9.A.34 The Nuclear Pore Complex Biogenesis (NPC-B) Family
Three proteins have been implicated in nuclear export in yeast. These proteins are the Brl1 protein, a nuclear export system protein (Saitoh et al. 2005), the Brr6 protein of a similar function (de Bruyn Kops and Guthrie 2001), and Apq12 which forms a complex with Brl1 and Brr6 (Lone et al. 2015). They collectively seem to function in lipid homeostasis and maintenance of the nuclear envelop. Brr6 is reported to be required for mRNA nuclear export. It may also be involved in nuclear pore complex (NPC) distribution and nuclear envelope morphology (de Bruyn Kops and Guthrie 2001).
A protein known to localize to and be important in the assembly of both the yeast NPC and the spindle pole body, which functions as the microtubule organizing center, is the 6 TMS protein, Ndc1p (NPC1 in humans (see TC# 1.I.1). The N- and C-termini of Ndc1p are exposed to the cytoplasm (Lau et al. 2006). The paralogous Brr6 and Brl1 are conserved integral membrane proteins of the nuclear envelope (NE). Depletion of Brr6 and Brl1 caused defects in NPC biogenesis, whereas the already assembled NPCs remained unaffected. This NPC biogenesis defect was not accompanied by a change in lipid composition, but Brl1 interacted with Ndc1 and Nup188 as well as transmembrane and outer and inner ring NPC components, indicating a direct role in NPC biogenesis.Both Brr6 and Brl1 associate with a subpopulation of NPCs and emerging NPC assembly sites. BRL1 overexpression affected NE morphology and suppressed the nuclear pore biogenesis defects of Δnup116 and Δgle2 cells. Possibly Brr6 and Brl1 transiently associate with NPC assembly sites where they promote NPC biogenesis (Zhang et al. 2018).
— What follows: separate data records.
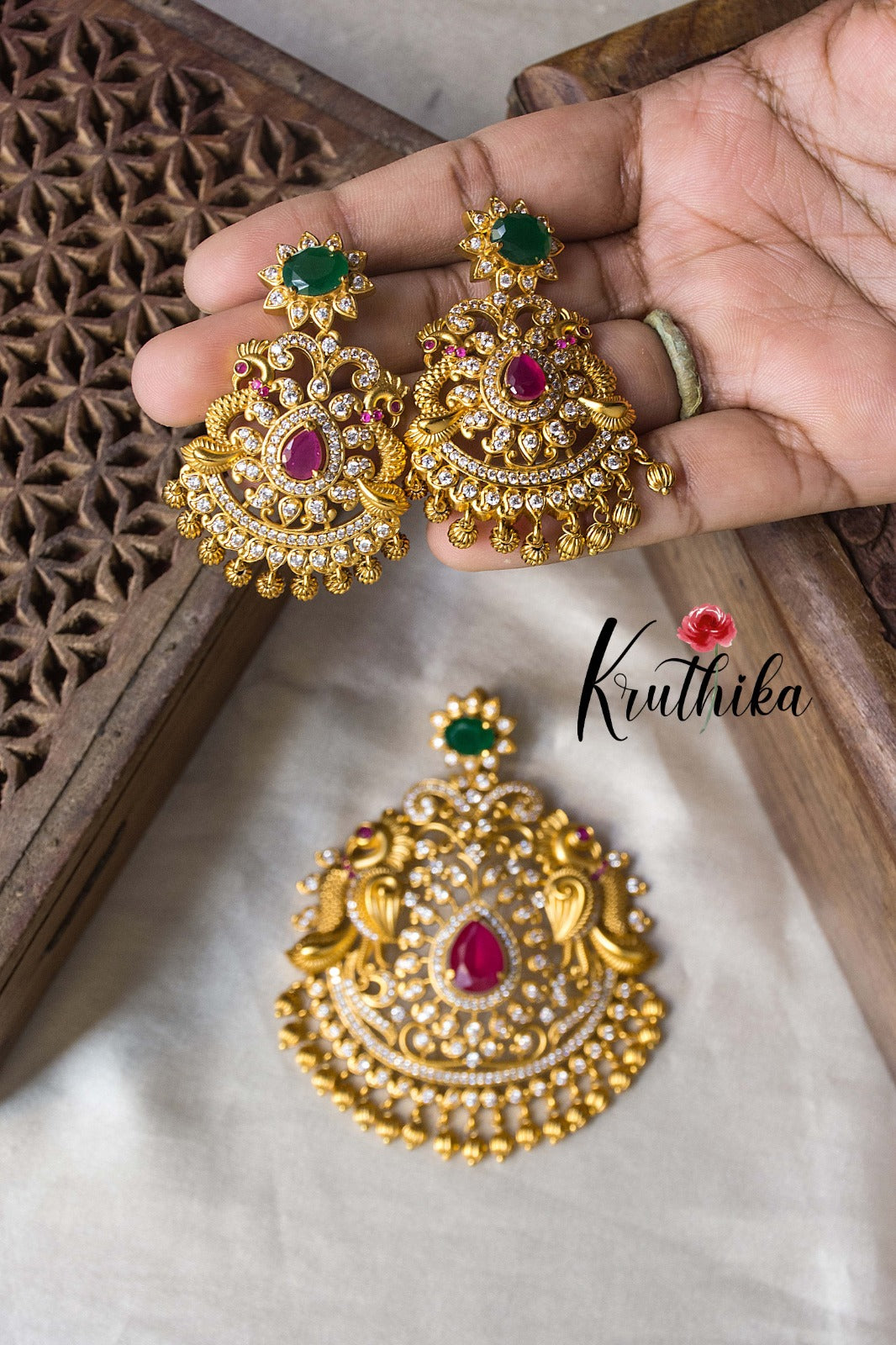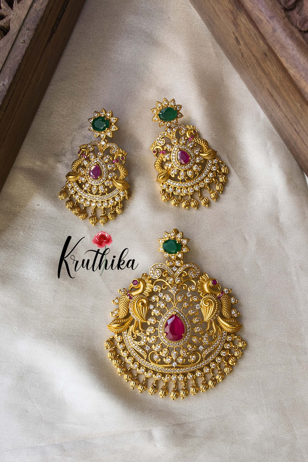 Enhance your style with our stunning AD peacock pendant set, paired perfectly with matching earrings. Crafted with high-quality stones & beads, this set combines timeless elegance with a modern touch. Ideal for special occasions or adding a touch of glamour to your look.
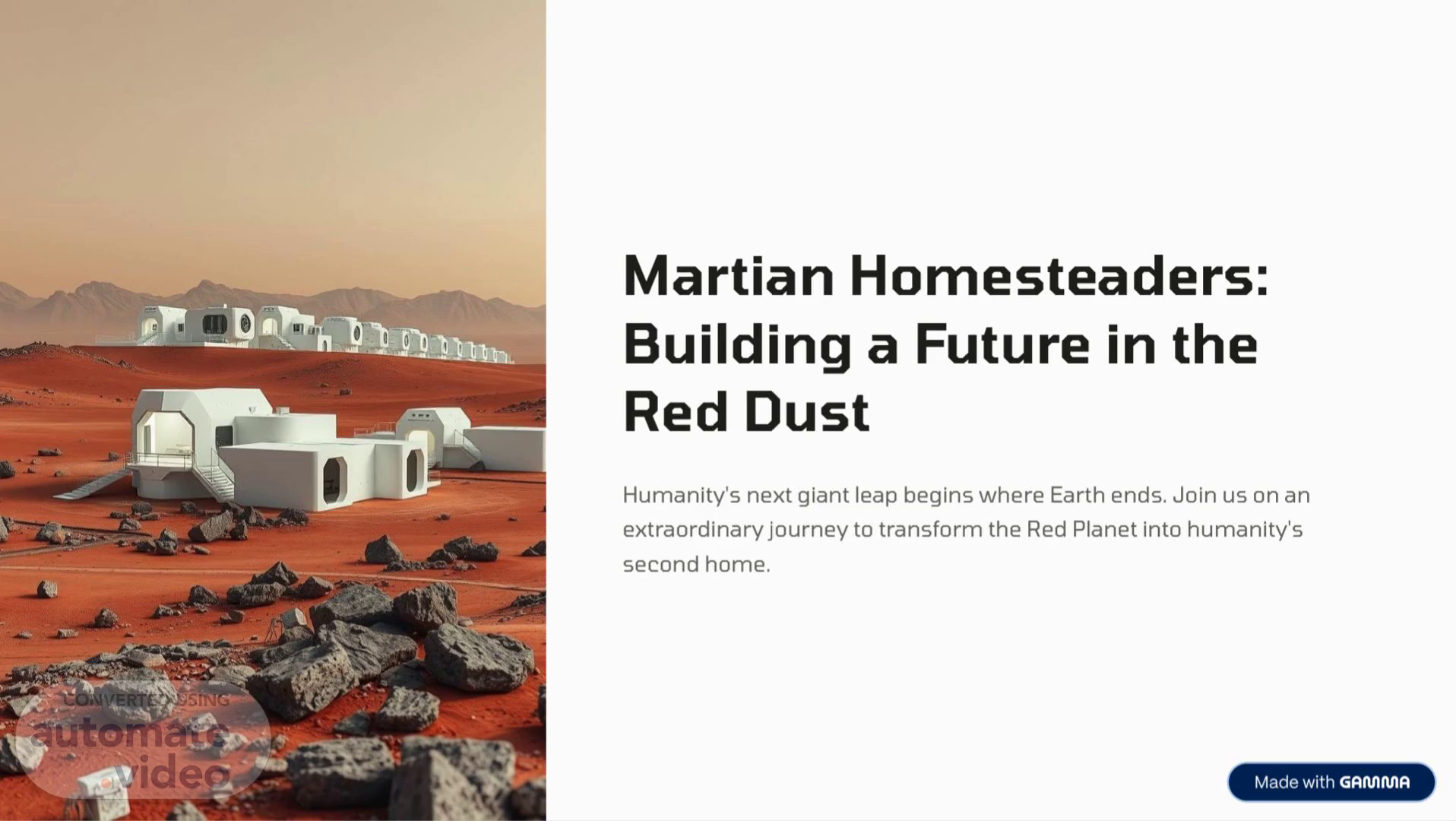 Martian Homesteaders: Building a Future in the Red Dust Humanity's next giant leap begins where Earth ends. Join us on an extraordinary journey to transform the Red Planet into humanity's second home..
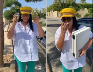 وتظهر الفنانة المصرية منى زكي فى الفيديو المتداول وهى تحاول تسجيل إعلان للحلقة، لدعوة جمهورها لمشاهدة الحلقة. إلا أنها فشلت فى قول الكلام بالترتيب المناسب، وقالت :”استنونى مع صاحبة إسعاد فى..”.
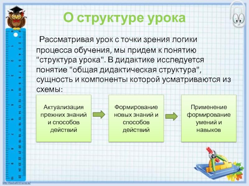 Рассматривая урок с точки зрения логики процесса обучения, мы
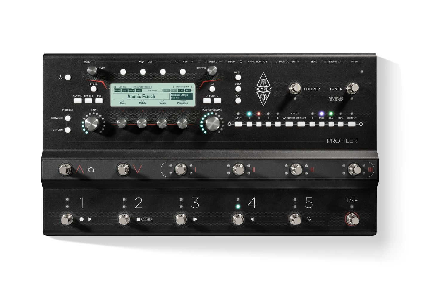 Dedicated buttons control Tuner Mode and Looper, as well as trigger Tap Tempo or other assignable functions.
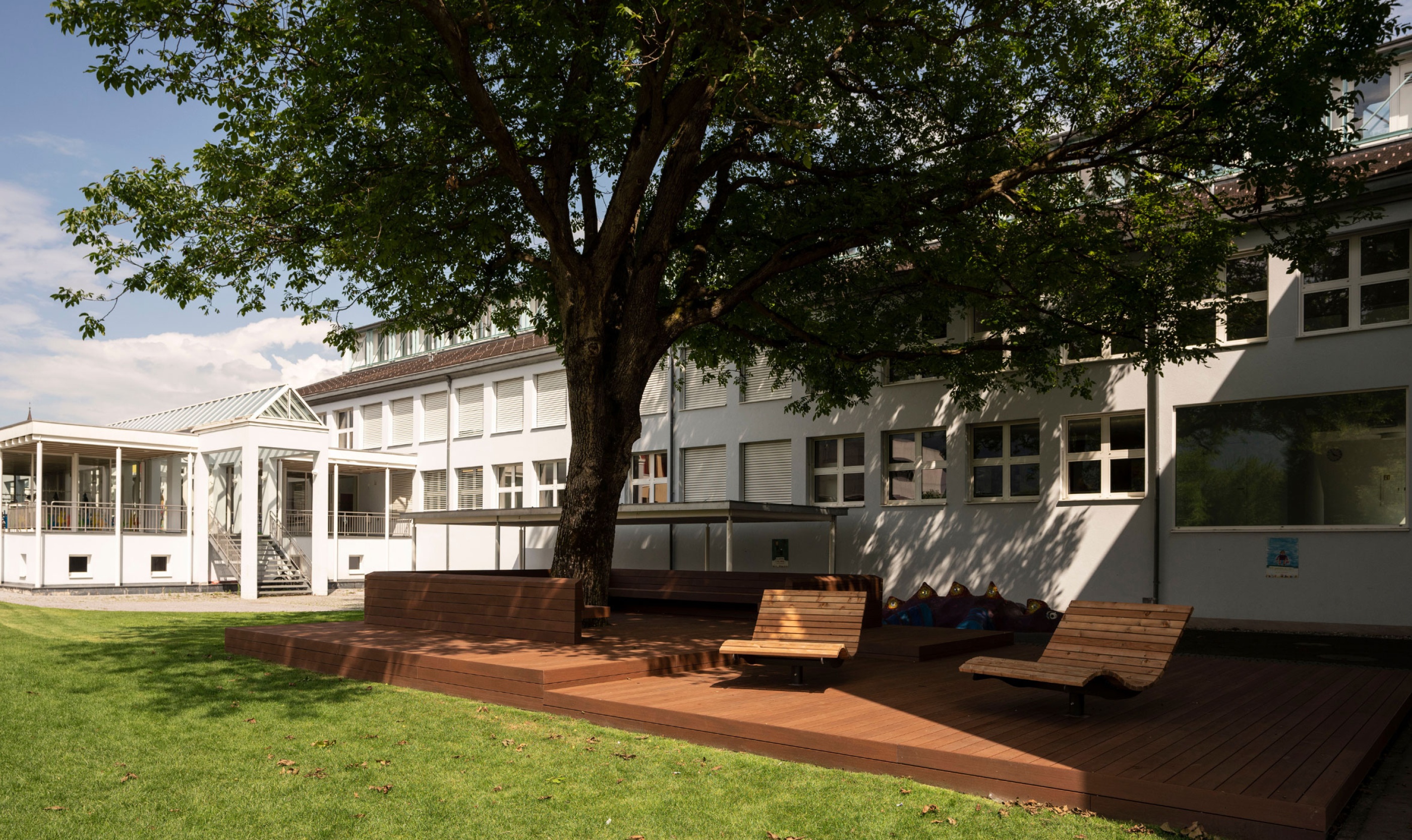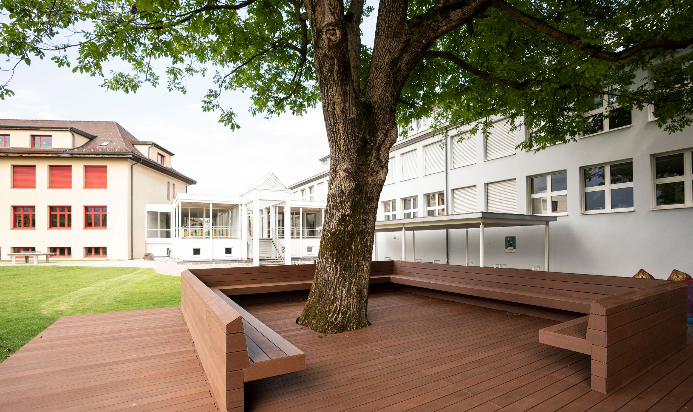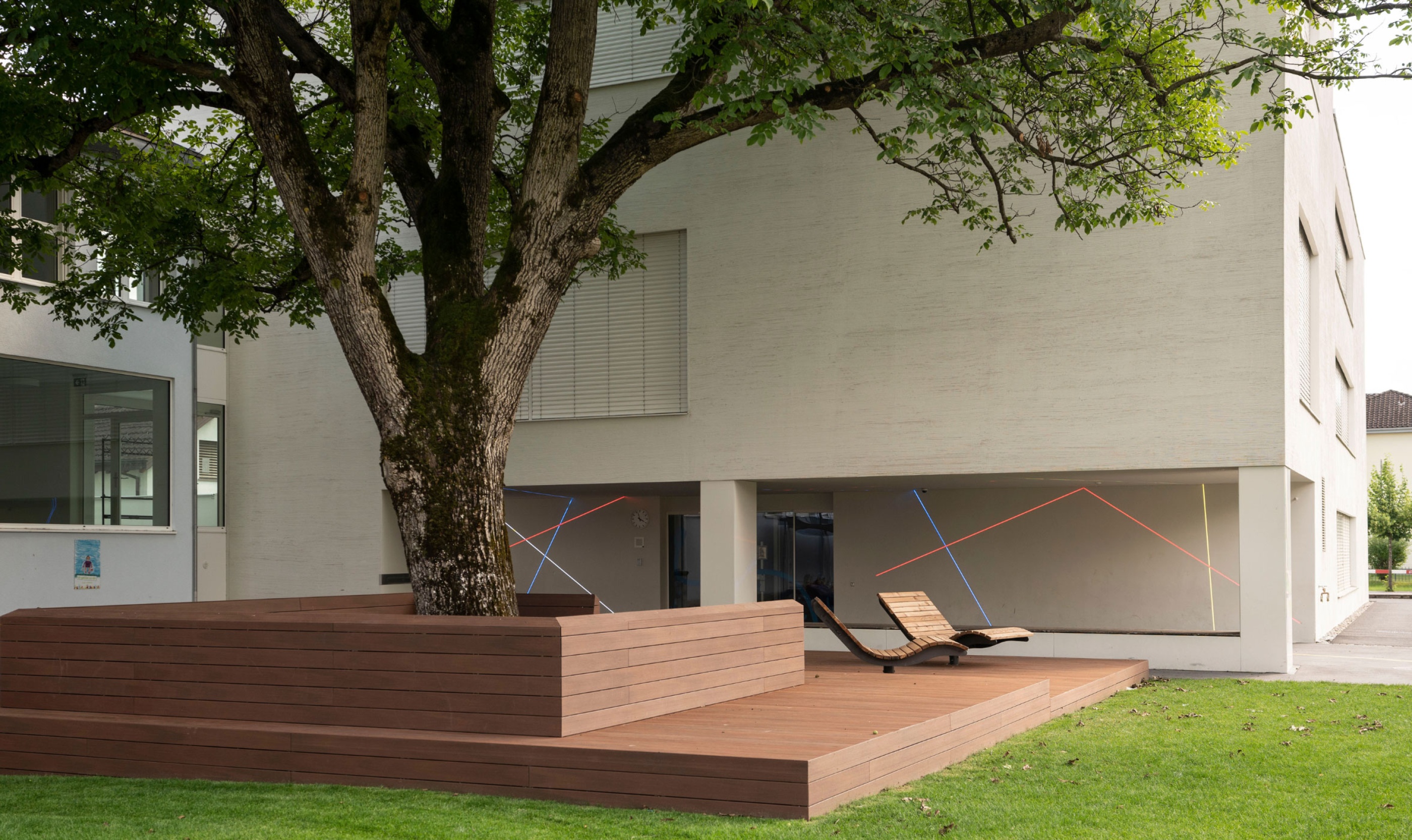 Für die Gemeinde Ruggell durften wir eine Sitzplattform errichten. Sie hat eine Größe von 9 x 15 Metern und verfügt über zwei Drehliegestühle als Highlight. Das Fundament besteht aus Krinner Schraubfundamenten. Der Bodenbelag hat die höchste Rutschklasse für öffentliche Bauten und besteht aus WPC Bodendielen, einem Holz-Kunststoff-Verbundwerkstoff. Diese Dielen sind sehr witterungsbeständig und nicht verrottbar. Mit der Zeit können nur minimale Farbänderungen auftreten. Die Dielen haben wir im englischen Verband verlegt. Sie wurden durch unsichtbare Klips befestigt. Die Unterkonstruktion besteht aus Aluminium und verzinktem Eisen.

BRR6 and BRL1 are two paralogs that encode transmembrane proteins of the nuclear envelope (NE) involved in membrane fluidity and nuclear pore complex biogenesis in organisms that undergo closed mitosis. Gardner et al. 2021 showed that mutation of a conserved cysteine in the intralumenal domain of Saccharomyces cerevisiae Brr6p results in a novel temperature sensitive allele, brr6-Y100H, that arrests growth due to defects in spindle formation. Analysis of brr6-Y100H cells by electron tomography and Brr6p localization by super-resolution imaging supports the idea that Brr6p is involved in insertion of the newly duplicated spindle pole body into the NE (Gardner et al. 2021).